Sebagai yang percaya kepada Yesus, yang menjadikan Yesus sebagai jalan hidup, gereja akan melakukan pekerjaan-pekerjaan Yesus bahkan yang lebih besar daripada itu. Apakah pekerjaan itu adalah mukjizat? Mungkin. Tetapi Yesus tidak mendoakan murid-murid menjadi pembuat mukjizat. Ia medoakan murid-murid supaya mereka ‘bersatu’ dalam kesatuan Bapa dan Putra. Kesatuan itu ada maksudnya yakni ‘agar dunia percaya, bahwa Engkaulah yang telah mengutus Aku (Yoh 17:20). Praktisnya, hidup mengGereja, hidup sebagai kumpulan orang yang percaya, terpanggil untuk meluangkan tempat bagi kenyataan ilahi di dalam hidup ini dan mengakuinya di hadapan orang banyak. Inspirasai persatuan dengan Bapa dan Putera harus menjadi kesaksian dalam menjalani hidup dalam kesatuan persatuan dengan banyak pihak di dunia ini.

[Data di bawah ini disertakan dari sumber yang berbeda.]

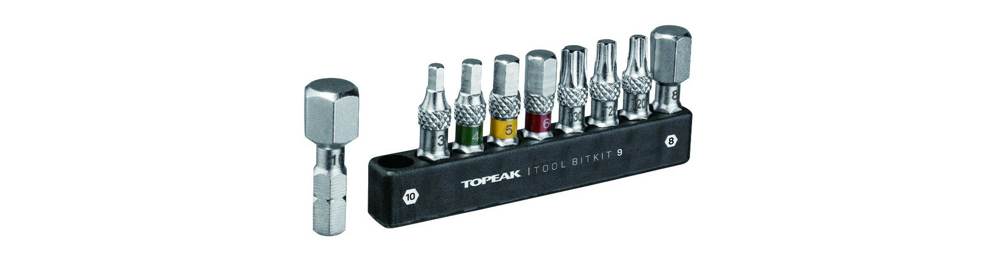 La Topeak Torq Stick 4 -20 Nm permet d’obtenir le bon couple de serrage. Grâce à la molette de réglage, on peut sélectionner le couple de serrage souhaité entre 4 et 20 Nm dont la valeur s’affiche dans la fenêtre située juste au-dessus. Tu peux ainsi serrer des pièces du cadre ou d’autres composants avec la force adéquate. Il est possible de choisir le sens serrage ou desserrage. Le jeu de 9 embouts comprend des embouts à empreinte hexagonale de longueur 30 mm permettant d’atteindre des vis difficiles d’accès sur le vélo. La partie moletée simplifie leur retrait du porte-embout.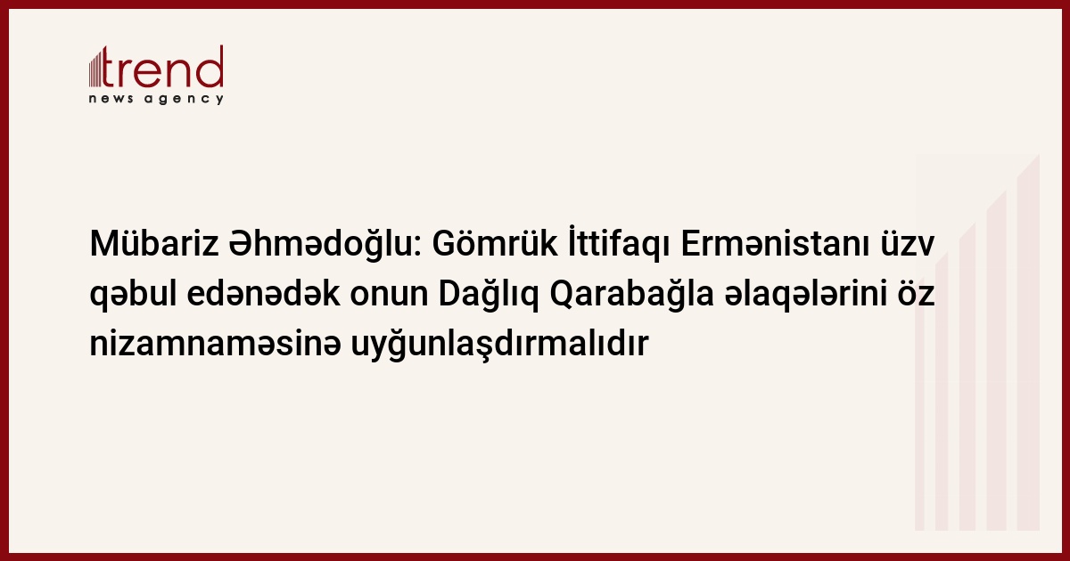Dağlıq Qarabağ məsələsi Gömrük İttifaqının və ya Avrasiya İqtisadi Birliyinin başının üstündə Domokl qılıncı kimi dayanır. Bunu Trend-ə Siyasi İnnovasiya və Texnologiyalar Mərkəzinin direktoru, politoloq Mübariz Əhmədoğlu deyib.

Itulah pekerjaan besar. Dalam kehidupan dunia yang plural, persatuan mengandaikan adanya toleransi. Toleransi tidak sama dengan indifferent atau menganggap semuanya sama saja. Toleransi membutuhkan penghayatan iman yang mendalam sehingga menghayati kebenaran bukan karena kesalahan-kesalahan yang lain melainkan sampai pada titik keyakinn dan titik temu bahwa yang lain bukan menjadi ancaman. Agama lebih daripada pakaian berharga yang sekali waktu bisa ditukar. Agama bukan menjadi pakaian yang dipakai sebagai identitas yang membedakan dengan yang lain apalagi untuk menggapai sesuatu yang duniawi, melainkan menjadi cara kehidupan. Di dalamnya orang sampai pada kebenaran. Dalam kebenaran orang bisa sampai kepada keyakinan akan jati dirinya dan pun pula menghargai orang lain. Hidup adalah kesaksian dan bukan pemaksaan apalagi menyalah-nyalahkan. Mari kita perdalam kehidupan keimanan kita sambil mengupayakan agar sikap toleransi menjadi cara kehidupan kita khususnya di Indonesia ini. Saya baik dan berharga bukan karena menemukan banyak kesalahan pada orang lain melainkan karena mengenal betul dan menemukan kebenaran dalam keyakinanku dan dengan demikian tidak dipengaruhi oleh keyakinan lain malahan terbuka untuk menghargai dan mampu bekerjasama dengan orang yang berkeyakinan lain juga. Salam NKRI. Makin beriman, tetap semangat, amalkan Pancasila. Tuhan memberkati.